Либеральные взгляды в России начала XX века отличались от либерализма в его ультрарадикальной оболочке, в которой он навязывался российскому обществу в ельцинские времена. Неолибералы пытались апеллировать к «классическому» либерализму с целью затемнить русофобскую, разрушительную, паразитарную суть своих взглядов. Эти попытки обманули не многих. Большинство думающих людей «прочитало» неолиберализм как антигуманную и пошлую имитацию свободы.

Если говорить объективно, и дооктябрьский либерализм был неоднозначным явлением: среди либералов были масоны, идейные западники, догматики-атеисты, но были и деятели земского движения, почвенники, настоящие патриоты России, не склонные бездумно подражать Западу. Один из основателей кадетской партии Пётр Струве призывал уважать русские традиции: «России важно, чтобы ты чтил величие её прошлого, требовал величия её будущего. Святынями творилась и поддерживалась Россия как живая соборная личность и как духовная сила. Ими, их духом и их мощью мы только и можем возродить Россию. В этом смысле прошлое России и есть залог её будущего». Такую же идейную позицию занимал и Вернадский.

По уставным документам кадетская партия называлась партией народной свободы, но полного единства в трактовке свободы у кадетов не было. Струве и Вернадский говорили в первую очередь о свободе духа, свободе мысли, свободе творчества. Вернадский многократно повторял, что без свободы мысли не может быть ни научного творчества, ни самой науки. Вряд ли кому-то под силу опровергнуть эту очевидную данность.

Но среди кадетов были и те, кто фетишизировал понятие «свобода» или, трактуя его слишком широко, делал его аморфным и неопределённым. Кое-кто верил, что стоит лишь провозгласить гражданские свободы, как тут же наступит эра всеобщего благоденствия. Не удивительно, что политические декларации кадетов принимали отпечаток интеллигентского прекраснодушия и отторгались народной массой, оценивавшей всё с позиций реализма и практической пользы.

Ленина кадетские речи о свободе ужасно раздражали. Она вообще не вписывалась в его теоретическую схему. Вождь писал, что в человеческой истории нет никакой свободы, а есть «осознанная необходимость», «непреложные законы истории», полностью подчиняющие себе всю деятельность людей.
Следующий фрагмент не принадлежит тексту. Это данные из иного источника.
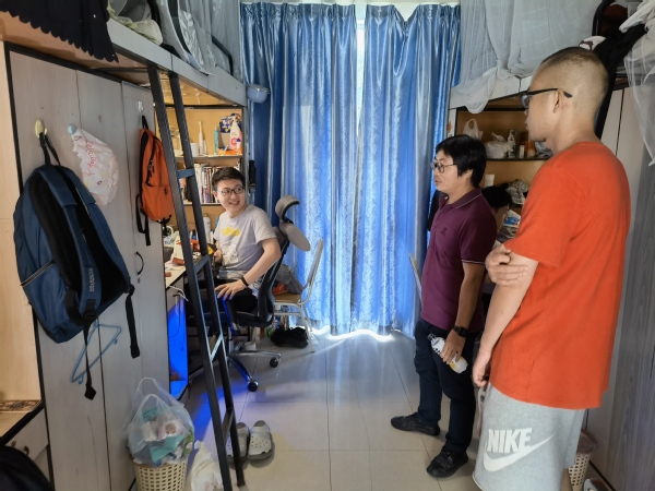陈韶鹏主任与学院党总支负责人走访学生宿舍
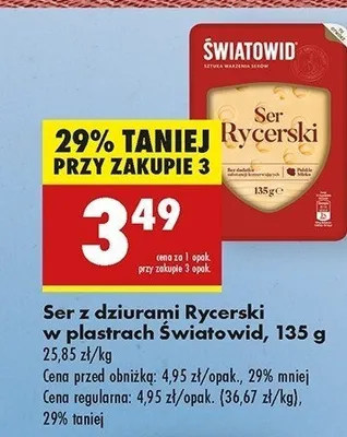 Cena produktu r贸偶ni si臋 w zale偶no艣ci od wybranego sklepu. Niestety nie posiadamy danych o aktualnych promocjach, jednak w艣r贸d archiwalnych ofert Ser rycerski plastry 艢wiatowid kosztuje od 2,48 z艂 do 3,99 z艂.
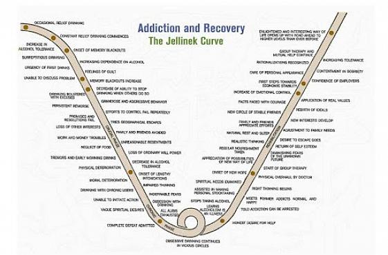 ג'לינק אישר שאלכוהוליזם מתפתח בארבעה שלבים נפרדים. אלה הם טרום אלכוהוליים, פרודרומליים, קריטיים (או קריטיים) וכרוניים, כל אחד עם סדרה של תסמינים אופייניים. להלן שלבי האלכוהוליזם:

Кадеты оказались антагонистами ленинцев и в вопросе о войне. Лидер кадетов Павел Милюков хотел, чтобы Россия, сохранив союзнические обязательства перед Антантой, довела войну против немцев и турок до победы и в качестве «приза» получила Галицию и Константинополь. Понятно, как к этой позиции относился Ленин, нацеленный на заключение сепаратного мира с немцами и турками. 

Кадеты стали первыми жертвами красного террора. Многим из них пришлось спасаться от него бегством. Вернадский не стал исключением. В этот период он, естественно, был настроен против большевизма. Делая в дневнике запись о «непрерывных расстрелах в местных чрезвычайках», Вернадский связал их с антирусским характером тогдашней коммунистической власти. Осмысливая факт массового террора, он провёл переоценку дореволюционных политических реалий: «Сейчас у меня многое изменилось. Я считаю главным виновником русскую интеллигенцию с её легкомысленным отношением к государственности, бесхарактерностью и продажностью».

Окончание Гражданской войны застало Владимира Ивановича вместе с семьёй в Крыму. Его сыну Георгию, сотрудничавшему с правительством Врангеля, пришлось покинуть Россию и всю оставшуюся жизнь находиться в эмиграции. Сам Владимир Иванович едва сумел избежать карательных санкций. Он собирался эмигрировать, но тяжело заболел тифом. Ситуация была критической. Венгерский коммунист Бела Кун, распоряжавшийся в Крыму, расправлялся не только с противниками интернационала, он залил полуостров кровью невинных жертв. Вряд ли он пожалел бы Вернадского-старшего, если бы за того не заступился его бывший ученик в Московском университете Николай Семашко, успевший к тому моменту занять видный пост в большевистской иерархии.

 

БОРЬБА ЗА РУССКУЮ НАУКУ

Затевая тотальную революционную ломку, большевики не могли оставить без внимания и сферу науки. В университетах были закрыты историко-филологические факультеты, объявленные ненужными, ибо ненужным и бесполезным был объявлен весь культурно-исторический опыт России. В условиях хозяйственного хаоса многие учебные заведения теряли жизнеспособность, профессура влачила жалкое существование.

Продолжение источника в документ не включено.